Running & Training Log Sheets
For access to the printable version of the Log Sheet click HERE
902 Wilson Pike Brentwood, TN 37027
For access to the printable version of the Log Sheet click HERE
To access a printable version of the chart click HERE
To access a printable version of the worksheet click HERE
Print out the Racing Checklist HERE before the big day!
Focus is on Building Endurance & Efficiency for Beginner to Intermediate Runners
**Walk/Run Method good to use to get the extra distance on your long runs if you need it!
Week 1 (Start with a 5/1 Run/Walk Ratio to increase distance on long runs)
Monday: Rest or Cross-Training
Tuesday: Easy Run (or Walk/Run) of 3 miles + 6 x 20 second “Strides”
Wednesday: 15:00 Warm-Up Walk/Jog followed by 3 sets of 2:00 “Hard”, 1:00 EZ + 1:00 Hard + 30 seconds EZ + 30 seconds Hard + 30 seconds EZ (repeat). Finish with 5:00 cool down jog.
Thursday: Cross-Training or Recovery Jog of 30:00
Friday: Rest (from Running)
Saturday: Easy Run of 3 miles + Strength Circuit and Strides
Sunday: Long Run (or Walk/Run) of 5 Miles or 45:00 (Whichever comes first)
Week 2
Monday: Rest or Cross-Training
Tuesday: Easy Run (or Walk/Run) of 3 miles + 6 x 20 second “Strides”
Wednesday: 15:00 Warm-Up Walk/Jog followed by 6 x 2:00 Hill Repeats with a walk down for recovery.

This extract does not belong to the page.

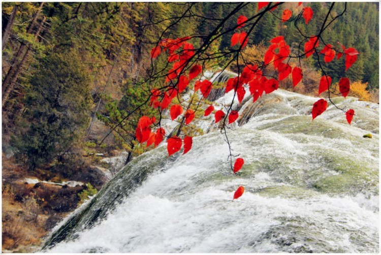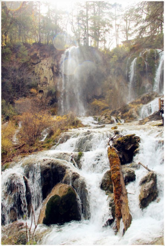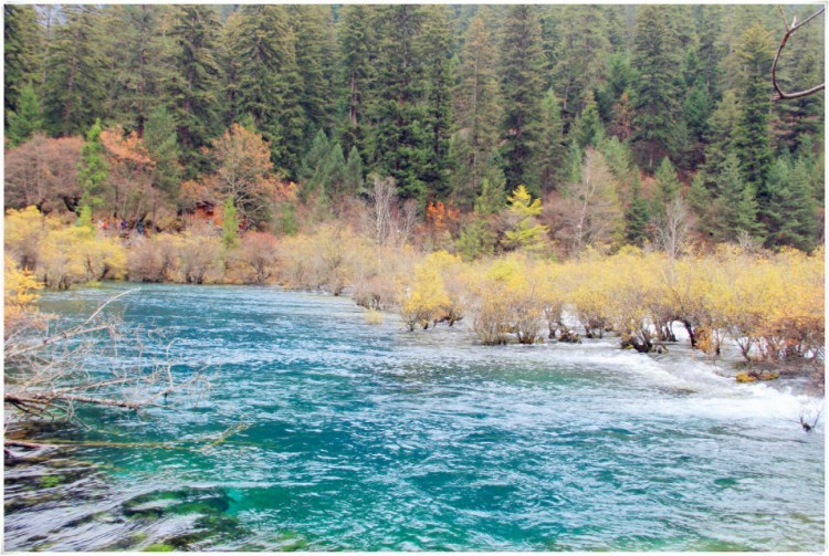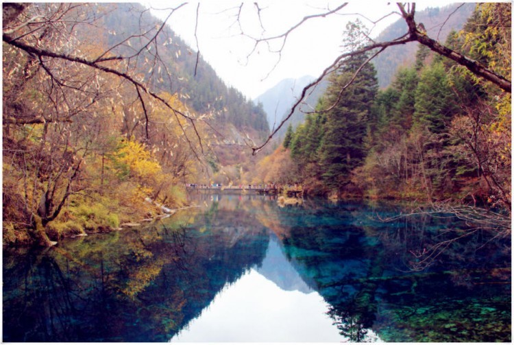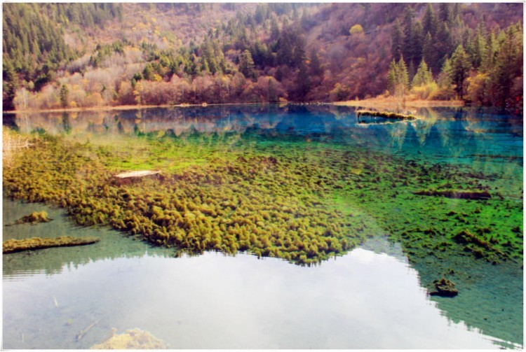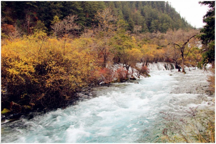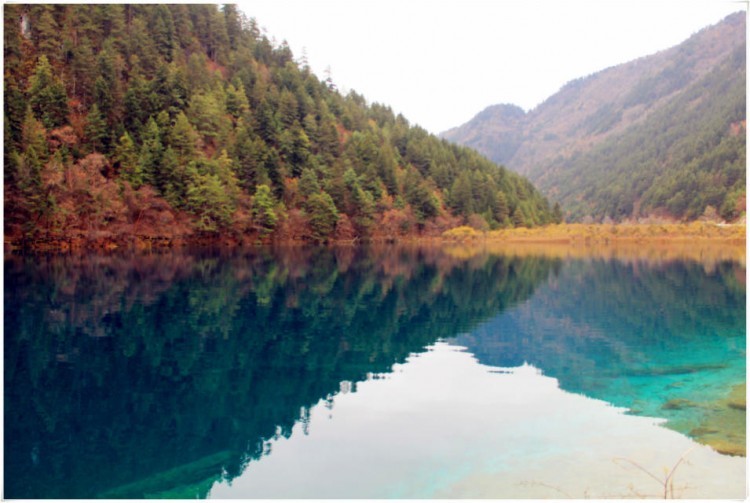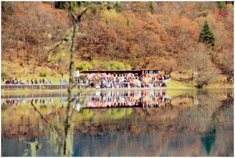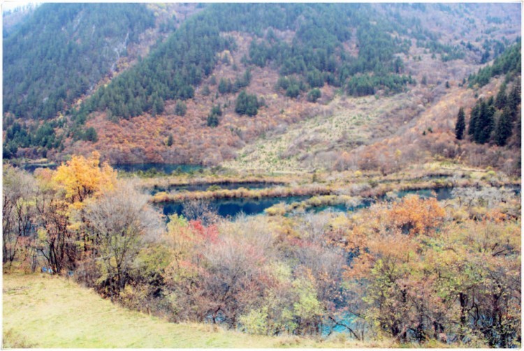 11月11日 色即是秋。金秋九寨,红、黄、蓝、绿、白、黑。九寨沟一个神奇的地方,相机偷不走美景的地方,原始森林天然大氧吧吸的我真醉了。九寨一绝梦幻五花海,孔雀河道水草萋萋,倒影、水波、阳光、落叶的完美结合。有晴看水阴看山,半晴半阴看云烟。

Jog 15:00 for cool down.
Thursday: Cross-Training or Recovery Jog of 35:00
Friday: Rest (from Running)
Saturday: Easy Run of 3 miles + Strength Circuit and Strides
Sunday: Long Run (or Walk/Run) of 5.5 Miles or 50:00
Week 3
Monday: Rest or Cross-Training
Tuesday: Easy Run (or Walk/Run) of 3 miles + 6 x 20 second “Strides”
Wednesday: 15:00 Warm-Up Walk/Jog followed by 4 sets of 2:00 “Hard”, 1:00 EZ + 1:00 Hard + 30 seconds EZ + 30 seconds Hard + 30 seconds EZ (repeat). Finish with 5:00 cool down jog.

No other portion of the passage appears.